Business: Manufacture and maintenance of sewage cleaning equipment

Based: Hinjawadi, Pune

Year of inception: 1994

Big break: World Bank-aided five-year contract for Navi Mumbai 5-6 years ago

Employees: 70

Captial: About Rs 8.5 crore

Revenues: Rs 25 crore (2007-08)

Plans: Rs 100 crore revenues by 2012


Fifteen years ago, M Krishna lost his job when the cleaning equipment marketing company he was employed in shut shop. That led him and a partner, Pankaj Malhotra, to set up KAM-Avida Enviro Engineers, now a Rs 25-crore company that makes and maintains sewage cleaning equipment. Krishna, who is on the verge of closing a deal for Rs 25-30 crore in private equity investment from a US-based firm, aims to hit Rs 100 crore in revenues by 2012.

"Our growth in the next three to four years will be powered by four lines of business: drain cleaning equipment, compacting garbage disposal trucks, industrial vacuuming machines and street sweepers," says Krishna, seated in his no-frills office at Hinjawadi, Pune.
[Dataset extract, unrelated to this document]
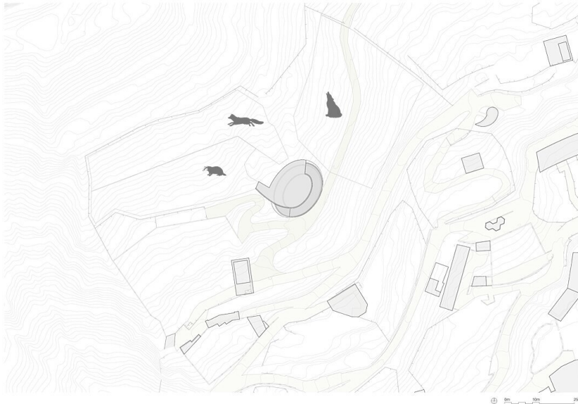
Fuchs- und Dachsanlage „Untertierisch“

The company’s factory premises, which need urgent expansion, are an oddity in the otherwise snazzy neighbourhood dominated by IT/ITES companies, including Infosys. "We’re going to acquire more land in this area to expand our manufacturing capacity," says Krishna.

His expansion plans are based on a spurt in growth that is expected in each of the markets that his four business lines address. Garbage trucks currently constitute the largest chunk of his revenues—Rs 20 crore—and this market, currently estimated at Rs 25 crore, is expected to grow to Rs 200 crore in five years. "This segment is getting privatised very fast. About 70% of our buyers are private contractors," he says.

The company’s second largest business is drain-cleaning equipment, which is what it began with originally. KAM-Avida started out as a marketing outfit for a Chennai-based company called Southern Powertech, which used to manufacture the drain cleaning machines. It subsequently diversified into other businesses and reduced its focus on sewage cleaning equipment, leading Krishna and his partner to start manufacturing their own machines. "The company I worked for earlier shut down because it didn’t have manufacturing capabilities. We couldn’t make that mistake," he says.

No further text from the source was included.